Ricordo il silenzio di un mattino bagnato da tre giorni di
pioggia intensa, ininterrotta, il vuoto di via della Vigna Vecchia, piazza
Indipendenza con la tribuna in legno preparata per i festeggiamenti della giornata, via della Vigna
Nuova sbarrata e la scelta di via Palazzuolo, l’incontro con piazza Fininguerra
già allagata. Non ancora mi rendevo conto di cosa stava accadendo.
La scelta, io che ho paura dell’acqua, di entrare in quella
piccola piazza ormai lago e la necessità di tornare indietro quando mi son reso
conto che in via Borgo Ognissanti non ci sarei mai arrivato. La strettoia di
via degli Alberi e il ritorno nella casa in via della Scala che mi aveva
ospitato fino a due giorni prima e dove avevo ancora i vestiti.
Il cambio dei vestiti bagnati con quelli asciutti, la corsa
alla stazione per trovare qualche panino e l’acqua, il ritorno in acqua per
aiutare una persona come paralizzata all’angolo di via degli Alberi e poi una
mano a chi era rimasto fermo in mezzo alla strada con l’acqua che era già
arrivata e scorreva sempre più violenta e sempre più alta. La paura di non
farcela a rientrare in quella casa dov’era arrivato Pasqualino, il mio amico di
Cosenza grande come un armadio.
L’acqua gelida, sporca di petrolio e di terra, mi aveva come
paralizzato.

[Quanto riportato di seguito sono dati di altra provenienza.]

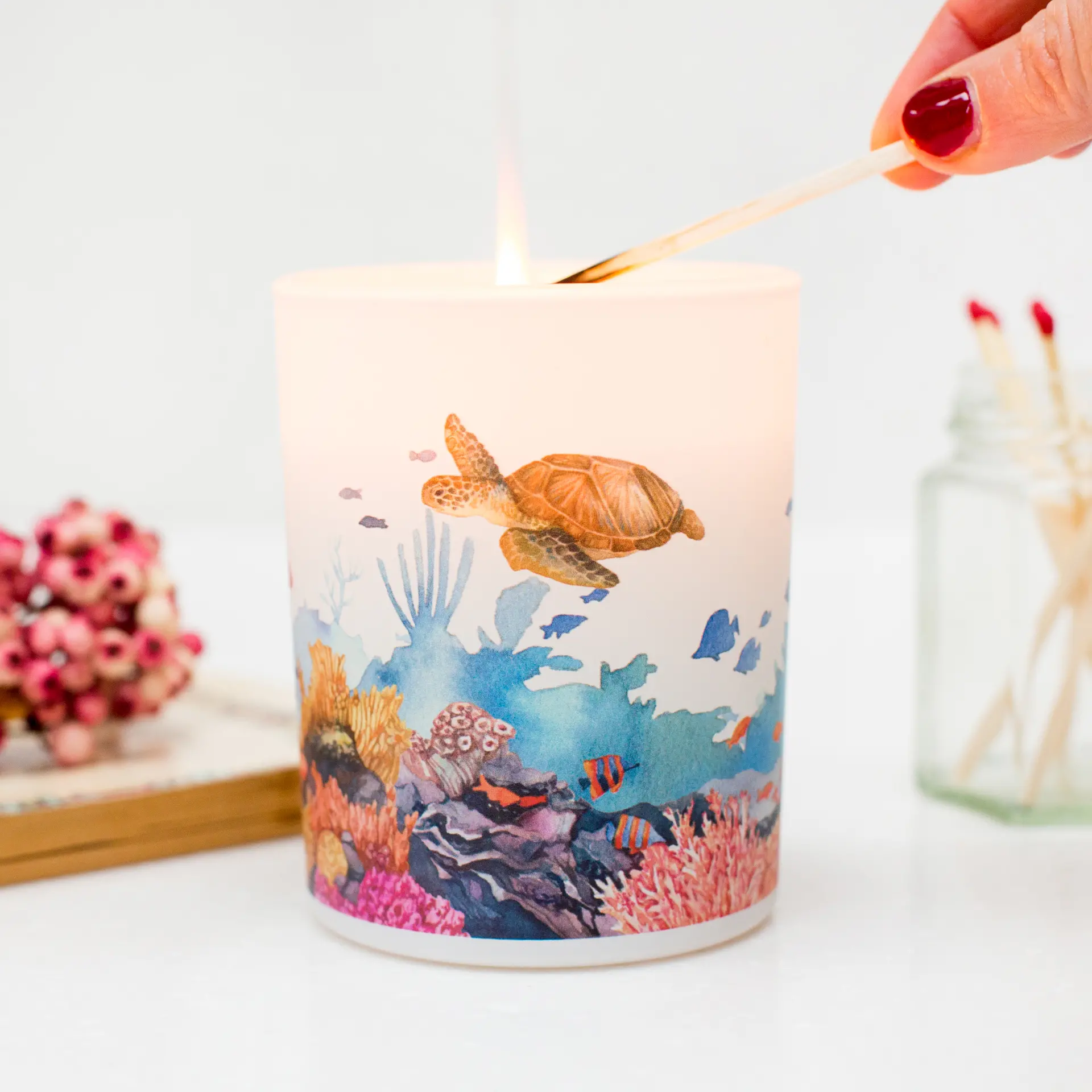 We are on a mission to save the planet’s wildlife. Our new line of candles includes six designs representing the world biomes: Desert, Forest, Freshwater, Grassland, Marine, and Tundra. Each candle sold protects 40 sq m (430 sq ft) of threatened habitat through our partnership with World Land Trust. Your purchase actually helps protect a piece of our planet. Amazing, right?

Il caffè caldo offertomi dalla mia ex padrona di casa, che aveva
il marito paralizzato e le ore dietro i vetri del balcone che dava su via della
Scala, sempre più un fiume pieno di roba di ogni genere svuotata dai negozi incontrati,
macchine che scendevano sbattendo da una parte all’altra della strada.
Lo sguardo fisso alla tabella di divieto di accesso con l’acqua
che saliva fino a toccarla. La paura - se toccava il rettangolo bianco dentro il cerchio
rosso - di avere la casa, al primo piano, allagata.

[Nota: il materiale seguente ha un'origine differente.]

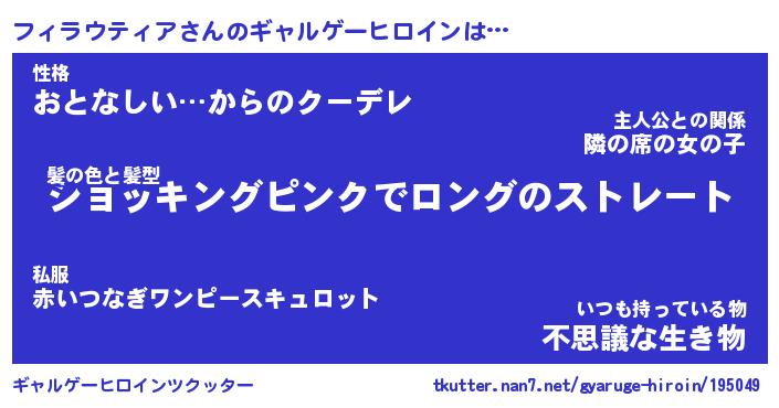 | 男性向けラノベタイトル風あだ名 | 『フィラウティアの憂鬱』 |

Il respiro di sollievo nel vedere scendere il livello dell’acqua
sempre incattivita, infuriata.
Il crollo e un sonno immediato, profondo con il vociare in
strada che mi ha svegliato. Era una giornata piena di luce, calda, con un sole stupendo,
e, quando sono sceso in strada ho trovato tanta gente che spalava il fango.

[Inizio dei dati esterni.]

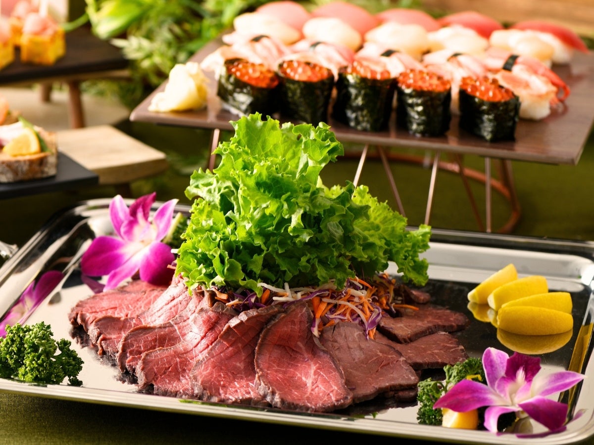 すべてのコースに『ローストビーフ』、『にぎり寿司』が付き、更に飲み放題!

Nessun pianto ma solo speranza che cresceva ad ogni spalata.
E’ da quel momento che ho sentito mia una città che fino
allora avevo trovato ostile. La mia Firenze , la mia bella, stupenda Firenze
che non ho mai abbandonato. Un giorno, è vero, sono partito ma, in verità non
me ne sono mai andato.
e c'ero anche io, anche oggi quando piove forte forte ricordo tutto, tutto e: Gesù, Gesù di mamma!